[About this task]: Pictures stay out of the output. Return exactly the lines below from the one with "Kürek sörfü anları, FPV" down to the one with "Soliflore en bois", both included, and nothing more.

· · · ·

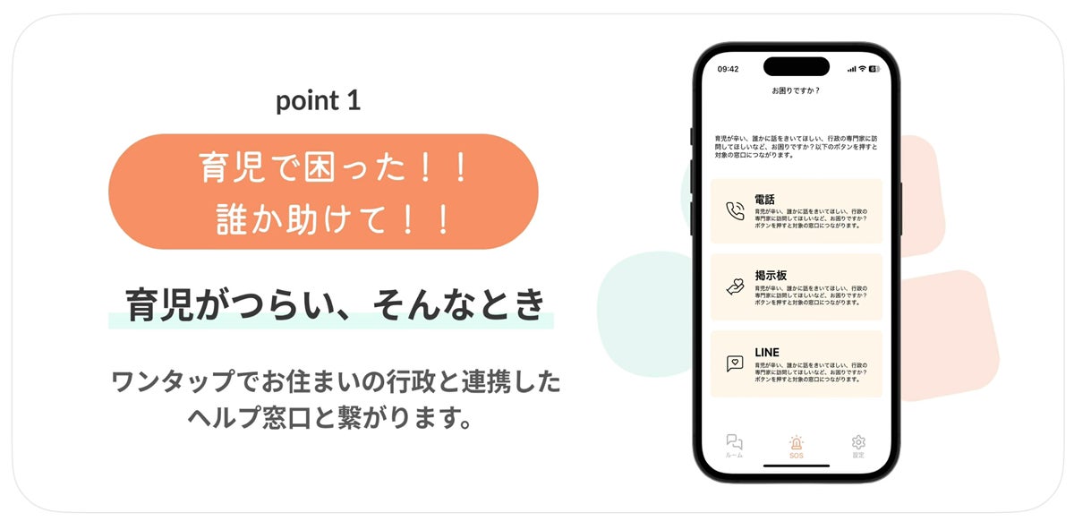 「助けてほしい」そんな時にアプリ上のSOSボタンで住んでいる地域の保健師さんに相談可能
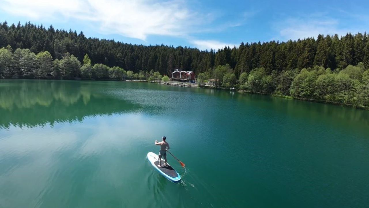 Kürek sörfü anları, FPV drone kamerasıyla havadan görüntülendi. Etkinlik, hem sporun yaygınlaştırılması hem de Karagöl’ün tanıtımı açısından renkli görüntülere sahne oldu.
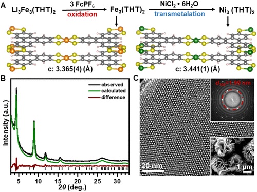 - PXRD分析:使用Rigaku MiniFlex X射线衍射仪对Ni3(THT)2进行了表征,发现其与Fe3(THT)2的衍射峰几乎一致,表明了晶体结构和形态在金属取代后得以保持。
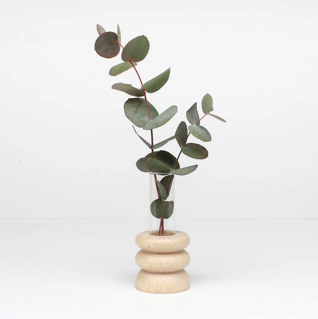 Soliflore en bois de hêtre massif, fabriqué à la main au Portugal par un processus traditionnel de tournage du bois.
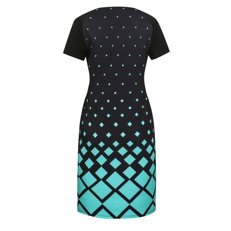 ヨーロピアンステーションサマーニューラージサイズドレスラウンドネック半袖プリントスリムワンステップスカートトレンディな女性 ショート ハーフスリーブ 大きめサイズ 夏物 Oネック 6733021223751810
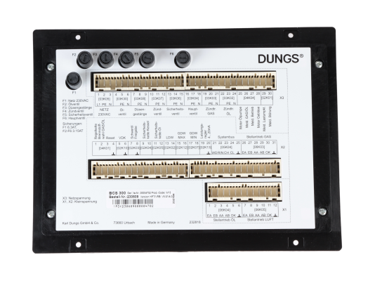 Топочный автомат Dungs BCS 300, артикул: 232510 – электронное устройство контроля и управления всеми функциями горелки. Предусмотрен электронный контроль выделяемых при горении выхлопных газов. Менеджер горения применяется для оснащения многоступенчатых газовых и жидкотопливных атмосферных горелок с постоянным режимом работы. Электроника защищена компактным корпусом класса IP 40. Информация о состоянии системы управления горелкой может отображаться на ЖК-дисплее. Предусмотрен выбор программ автоматического управления работой горелки с учетом области применения и состава оборудования. Допустимые температуры эксплуатации (внешняя среда): от 0 до +60 °C. Питание от сети 230 В.
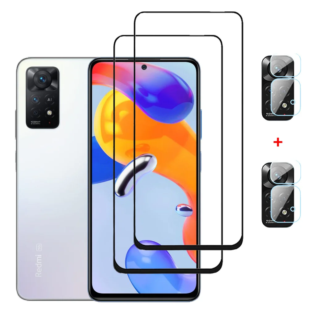 4 в 1 стекло для Redmi Note 11 Pro 5G Защитная пленка для экрана Xiaomi Redmi Note 11 защитное стекло на Redmi Note 11 10 9 10S 11S пленка сяоми редми ноут 11 про стекло Redmi Note 11 Pro 5G Glass Global

· · · ·

[Answer to this exercise]:
 Kürek sörfü anları, FPV drone kamerasıyla havadan görüntülendi. Etkinlik, hem sporun yaygınlaştırılması hem de Karagöl’ün tanıtımı açısından renkli görüntülere sahne oldu.
 - PXRD分析:使用Rigaku MiniFlex X射线衍射仪对Ni3(THT)2进行了表征,发现其与Fe3(THT)2的衍射峰几乎一致,表明了晶体结构和形态在金属取代后得以保持。
 Soliflore en bois de hêtre massif, fabriqué à la main au Portugal par un processus traditionnel de tournage du bois.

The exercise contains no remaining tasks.